PROBLEM DETAILS: All pictures must be dropped, while the entries are given again word for word.
↓↓↓
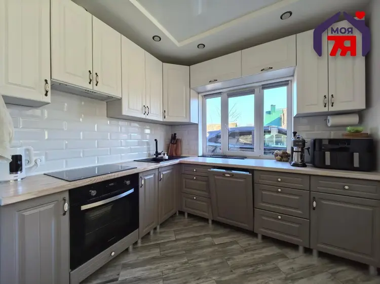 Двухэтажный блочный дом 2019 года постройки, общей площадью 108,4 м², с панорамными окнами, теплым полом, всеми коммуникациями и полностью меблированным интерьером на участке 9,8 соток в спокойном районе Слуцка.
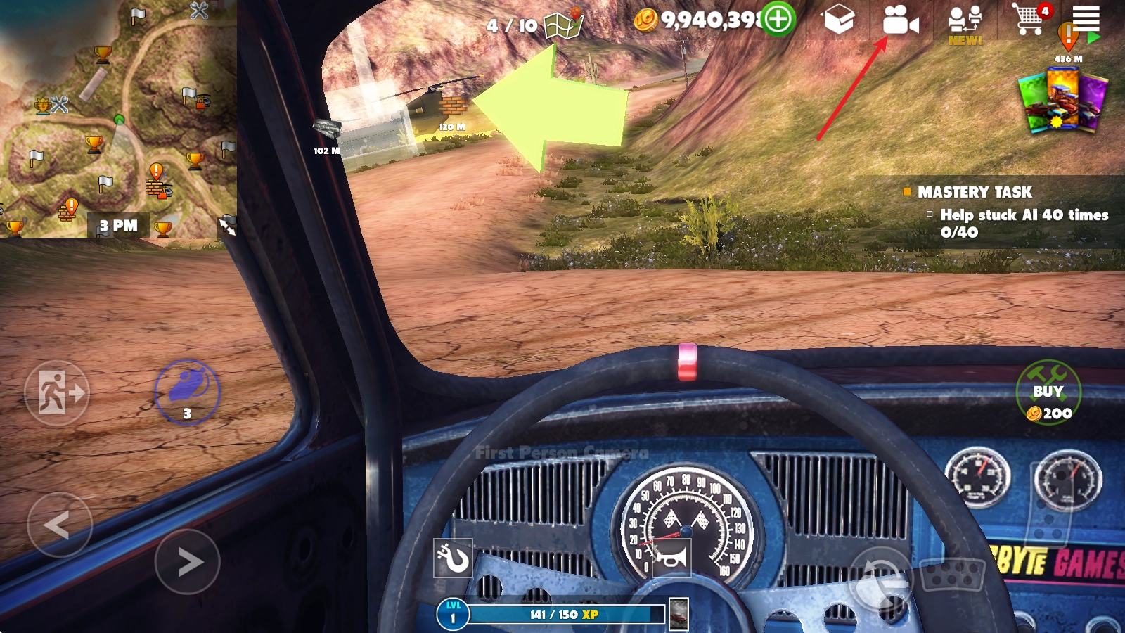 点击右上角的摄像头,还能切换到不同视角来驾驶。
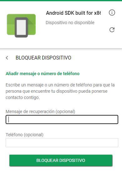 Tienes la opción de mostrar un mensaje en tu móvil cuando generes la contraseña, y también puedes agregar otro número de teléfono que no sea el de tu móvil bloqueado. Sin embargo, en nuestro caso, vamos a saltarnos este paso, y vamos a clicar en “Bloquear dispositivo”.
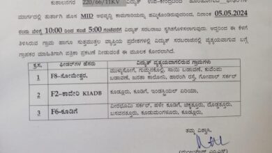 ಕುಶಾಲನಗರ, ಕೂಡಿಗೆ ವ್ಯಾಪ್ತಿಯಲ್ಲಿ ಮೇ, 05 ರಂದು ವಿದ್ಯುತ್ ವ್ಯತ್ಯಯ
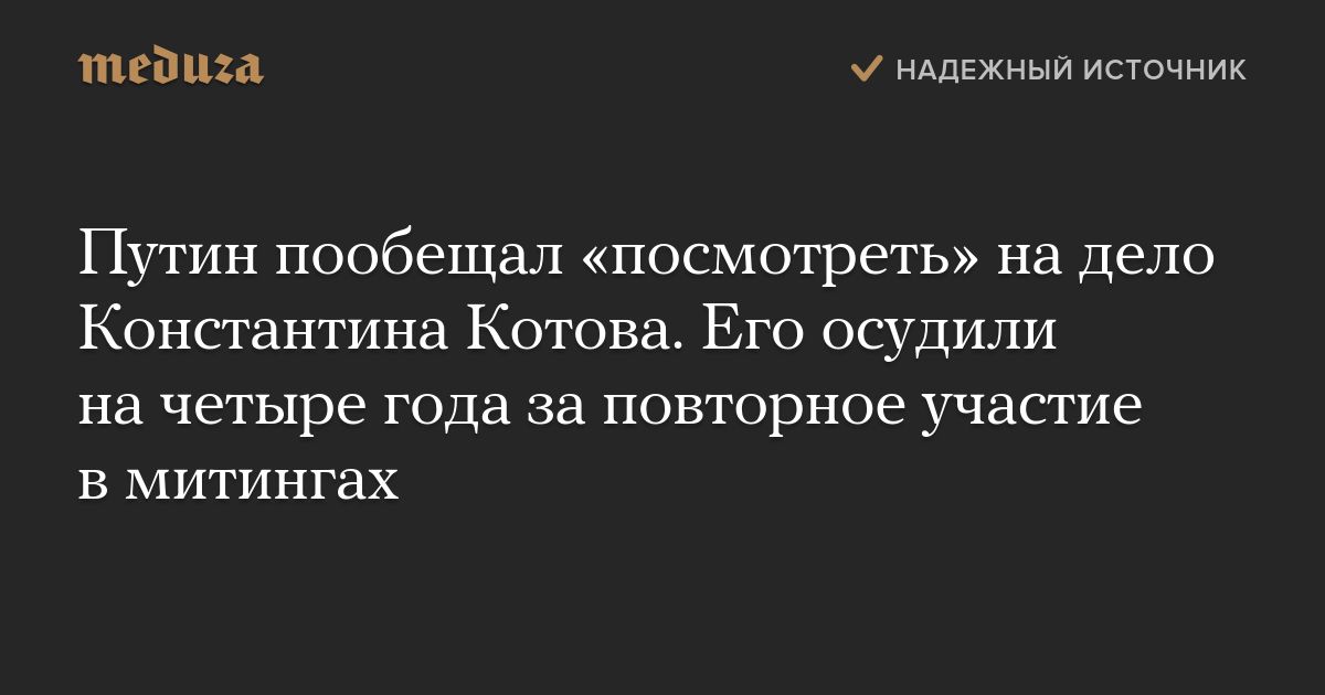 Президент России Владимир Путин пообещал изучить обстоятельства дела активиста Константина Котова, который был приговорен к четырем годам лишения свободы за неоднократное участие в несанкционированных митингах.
↑↑↑
RESULT OF THE TASK:
 Двухэтажный блочный дом 2019 года постройки, общей площадью 108,4 м², с панорамными окнами, теплым полом, всеми коммуникациями и полностью меблированным интерьером на участке 9,8 соток в спокойном районе Слуцка.
 点击右上角的摄像头,还能切换到不同视角来驾驶。
 Tienes la opción de mostrar un mensaje en tu móvil cuando generes la contraseña, y también puedes agregar otro número de teléfono que no sea el de tu móvil bloqueado. Sin embargo, en nuestro caso, vamos a saltarnos este paso, y vamos a clicar en “Bloquear dispositivo”.
 ಕುಶಾಲನಗರ, ಕೂಡಿಗೆ ವ್ಯಾಪ್ತಿಯಲ್ಲಿ ಮೇ, 05 ರಂದು ವಿದ್ಯುತ್ ವ್ಯತ್ಯಯ
 Президент России Владимир Путин пообещал изучить обстоятельства дела активиста Константина Котова, который был приговорен к четырем годам лишения свободы за неоднократное участие в несанкционированных митингах.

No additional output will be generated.